Does every infinite group have a maximal subgroup?

$G$ is an infinite group.

Is it necessary true that there exists a subgroup $H$ of $G$ and $H$ is maximal ?

Is it possible that there exists such series $H_1 < H_2 < H_3 <\cdots <G $ with the property that for every $H_i$ there exists $H_{i+1}$ such that $H_i < H_{i+1}$?

Solution 1:

Rotman p. 324 problem 10.25:

The following conditions on an abelian group are equivalent:

$G$ is divisible.

Every nonzero quotient of $G$ is infinite; and

$G$ has no maximal subgroups.

It is easy to see above points are equivalent. If you need the details, I can add them here.

Solution 2:

As Prism states in the comments, the Prüfer group is an example of a group with no maximal subgroup. Define $\mathbb{Z}(p^{\infty})$ to be the set of all $p^n$-th roots of unity as $n$ ranges over the natural numbers. The operation is multiplication.

It can be shown that any subgroup of $\mathbb{Z}(p^{\infty})$ has the form $\mathbb{Z}/p^n\mathbb{Z}$, so the lattice of subgroups of $\mathbb{Z}(p^{\infty})$ is just the chain:

$$1\subset\mathbb{Z}/p\mathbb{Z}\subset\mathbb{Z}/p^2\mathbb{Z}\subset\mathbb{Z}/p^3\mathbb{Z}\subset\ldots\subset \mathbb{Z}(p^{\infty})$$

It follows that $\mathbb{Z}(p^{\infty})$ has no maximal subgroup. Since it is abelian, it has no maximal normal subgroup also.

Solution 3:

I like this example for its simplicity:

Let $A$ be any group with a proper subgroup $B$. Let $G = \prod_{i = 1}^{\infty}A$ and $H_n = \prod_{i = 1}^{n}A \times \prod_{i = n + 1}^{\infty}B$, then $H_1 < H_2 < \cdots < H_n < \cdots < G$.

Solution 4:

Let for example $G$ be the dyadic rationals under addition, that is, all rationals of the form $\dfrac{a}{2^k}$, where $a$ ranges over the integers and $k$ ranges over the non-negative integers.

Then for any $i$, let $G_i$ be the set of integer multiples of $\dfrac{1}{2^i}$.
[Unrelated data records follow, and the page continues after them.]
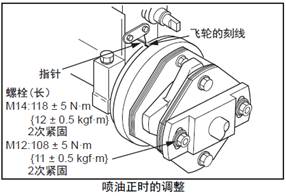 (4) 再次緩慢地正向盤車,使減振器上的規定噴油正時刻線和發動機的指針一致。這時,確認三菱S6R柴油發動機燃油噴油泵三菱S6R柴油發動機飛輪的記號「0」刻線和指針一致。不一致時,反復實施(2) 項。
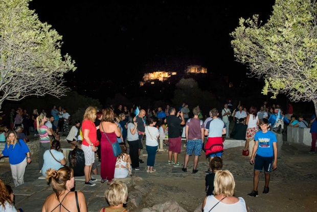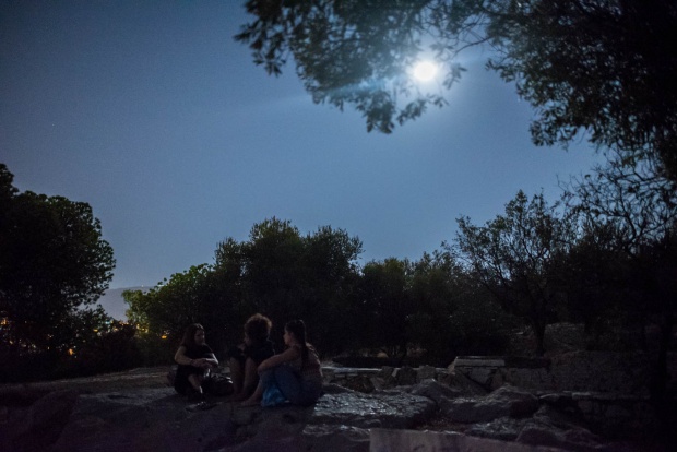 Όσες φορές κι αν δεις την πανσέληνο να κινείται απαλά στον βραδινό ουρανό, δεν πρόκειται να τη βαρεθείς. Το καλύτερο σημείο για μένα είναι στο μαρμάρινο πλάτωμα του Πικιώνη, στο λόφο του Φιλοπάππου. Η ανάβαση είναι σχετικά εύκολη και με λίγη προσοχή ανεβαίνει κανείς μόνο με το φεγγαρένιο φως. Υπήρχε λίγος κόσμος. Αλλά αρκετή οργάνωση. Ποτά σε τσάντες με ποτηράκια, ανέβαιναν κουδουνιστά τα δρομάκια. Άλλοι είχαν και φαγητό. Πιο δίπλα, ένα άγουρο ζευγαράκι, έδινε ρουφηχτά φιλιά για κάμποση ώρα. Ξένοι τουρίστες κοιτούσαν με ρυθμό υαλοκαθαριστήρα, μια τη πανσέληνο, μία την ακρόπολη, μια την πανσέληνο, μία την ακρόπολη. Μανιφίκ, γκόρτζιους, μα κε μπέλο. Από το Ηρώδειο άκουγες αχνά tango και μετά το ξέσπασμα και τα χειροκροτήματα. Το φεγγάρι ανέβαινε και δυνάμωνε το φως του. Οι παρέες απολάμβαναν ευχάριστα. Ξαφνικά ένα μεγάλο πλήθος ανθρώπων ανέβηκε με σακίδια στις πλάτες. Μια κυρία ξεκίνησε να τραγουδάει «χάρτινο το φεγγαράκι» και μετά το «Αθήνα» του Χατζιδάκι. Μετά άλλη μία, άρχησε να απαγγέλει ένα αρχαίο ποιήμα. Λίγο άνευρα, κεφάτα όμως. Έπειτα με ένα σύνθημα συνέχισαν την ανηφόρα για το μνημείο. Φυσιολατρικός περίπατος είπαν. Είχε πλάκα η φάση. Δεν ενόχλησαν. Το βράδυ συνέχισε όμορφα. Αν ξεκουνηθείς, η Αθήνα προσφέρει απλόχερα.
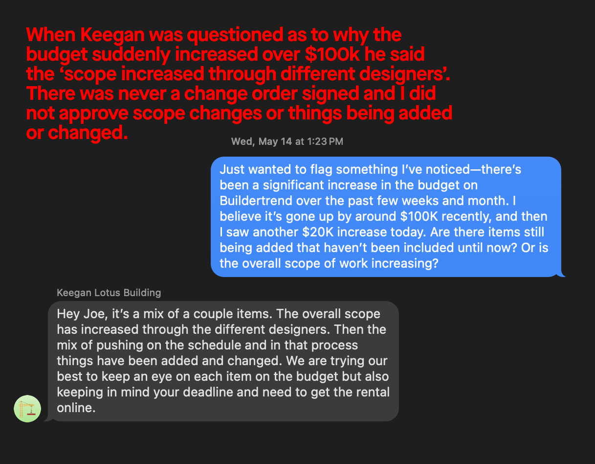 My Response: While they used BuilderTrend, I repeatedly emailed them reminding them to finalize budgets and line items. Everything was “finalized” until suddenly it wasn’t — when they arbitrarily raised costs by $500,000 in the last month.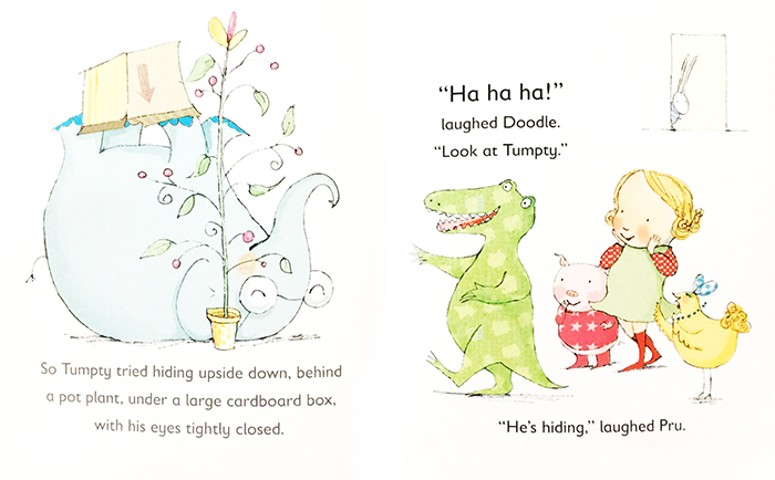 Tumpty is trying his hardest to hide ...will he ever succeed? "I'm hiding," said Tumpty. "You can't see me!" But everyone can see Tumpty, upside down under a large cardboard box, behind a pot plant. It's very funny. But later when they really can't find Tumpty - not in the cupboard or behind the curtain or in the biscuit tin - suddenly it isn't funny at all...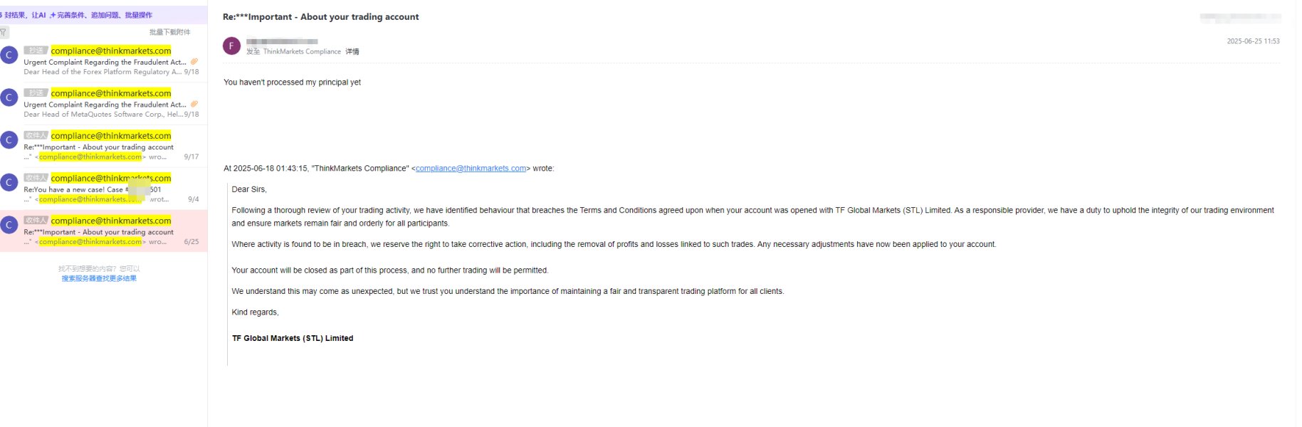 今年4~5月份入金了30000USD,在2025年6月10日,由于单边行情,我的账户产生了收益,随之不久后我收到一封来自thinkmarkets平台的邮件,声称我参与了非法活动,并通知我他们将调整账户余额并关闭我的账户!他们不仅仅扣除了我全部利润43,685USD,我尝试出金本金30000USD三个月以来一直不予处理!三个月以来我多次联系智汇平台索要我的本金和利润,该平台都是置之不理,没有任何反应!我甚至投诉了监管,他们是黑平台,根本不会被合法监管,大家千万不要来这个平台!!!!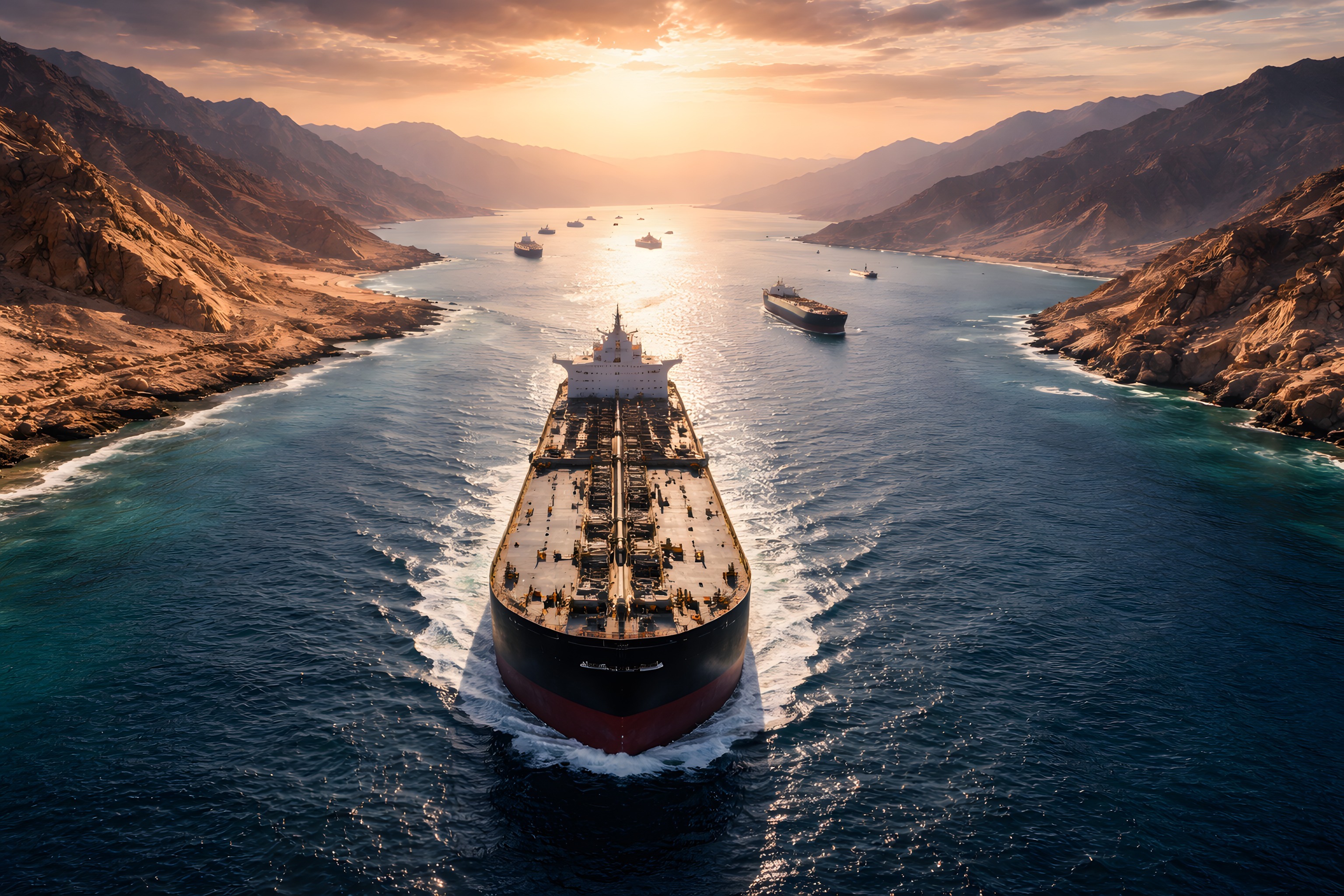 Dieses beeindruckende Luftbild zeigt die belebte Schifffahrtsroute durch die Straße von Hormus im Oman. In der Abenddämmerung laufen mehrere Frachtschiffe und Öltanker durch die von Bergen umgebene Meerenge, deren türkisfarbenes Wasser im warmen Licht der untergehenden Sonne erstrahlt. Die majestätische Landschaft verleiht der Szene eine atemberaubende Atmosphäre. Dieses hochauflösende Stockfoto eignet sich ideal für Verwendung in Blogbeiträgen, Newslettern, Social-Media-Posts oder Werbematerialien zum Thema Schifffahrt, Logistik oder Reise. Es steht unter einer Creative-Commons-Lizenz zur kostenlosen Nutzung zur Verfügung.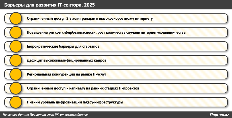 Кроме того, Казахстан сталкивается с более масштабными вызовами, среди которых — проблемы с финансированием IT-стартапов на ранних стадиях их развития, бюрократические трудности при регистрации и оформлении документов для компаний, а также низкий уровень цифровизации устаревших инфраструктур. Во многих отраслях продолжают использоваться старое оборудование и программы, что затрудняет внедрение новых технологий. Все эти факторы замедляют темпы технологических изменений и требуют комплексного подхода для устранения барьеров.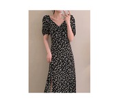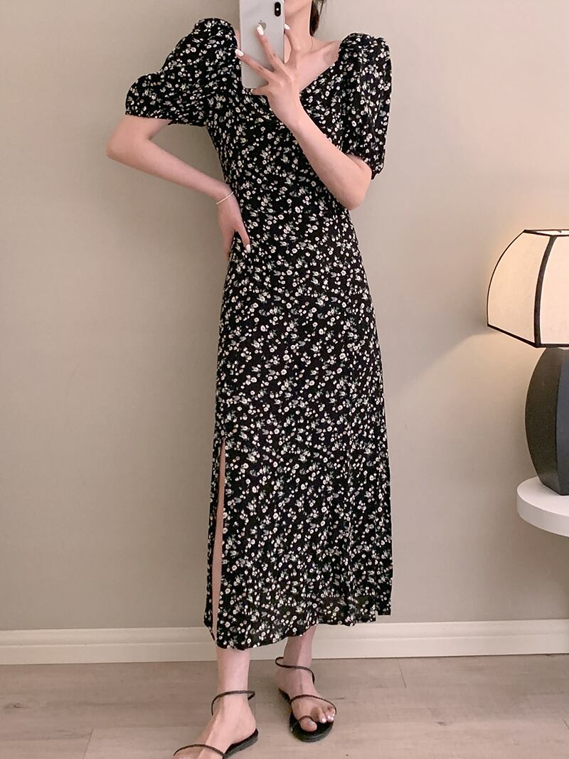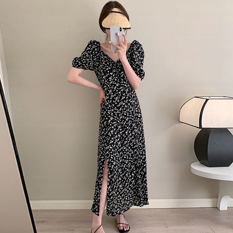Vネックウェストスリムサイドスリットフローラルドレス ロングスカート エレガント 花柄 7/20 mi4676224805566

We can play the same game with $G$ the rationals under addition, with $G_i$ the set of integer multiples of $\dfrac{1}{i!}$.

Note that in both cases $G$ is the union of the $G_i$.

Solution 5:

If the group $G$ is infinite and finitely generated then the answer is YES. Fix $g\in G$, then by Zorn's lemma there exists a (proper) maximal subgroup that contains $g$.

Here is a proof of the above. Let $G=\langle x_1,\ldots,x_d\rangle$ be finitely generated and take $g\in G$. Define the set $\mathcal{M}=\{A\le G \mid g\in A,\ A\neq G\}$, then for every chain $A_1\le A_2 \le \ldots$ in $\mathcal{M}$ you can take the union $A=\bigcup_{n\in \mathbb{N}} A_n$. Then $A\le G$, $g\in A$. If $A=G$, then $x_1,\ldots,x_d \in A$, but then we must have $x_1,\ldots,x_d \in A_{l}$ for some $l\in \mathbb{N}$, so $A_{l}\notin \mathcal{M}$, a contradiction. By Zorn's lemma there exists a maximal element in $\mathcal{M}$. But then $M$ is also maximal in $G$, as another subgroup containing $M$ also contains $g$ and $M$ was maximal w.r.t. containing $g$.

It is probably worth noticing that the equivalence with "divisibility" mentioned in other replies holds only for abelian groups.

EDIT: a bit more googling yielded that the answer in general is NO! This is a modification of Ol'shanskii monster. This is constructed in Theorem 35.2 of the book "Geometry of Defining Relations in Groups" (pg. 392)

Theorem 35.2 There are countable simple groups (that are moreover, Artinian of finite exponent) without maximal subgroups.

Hope this helps to shed some light on this.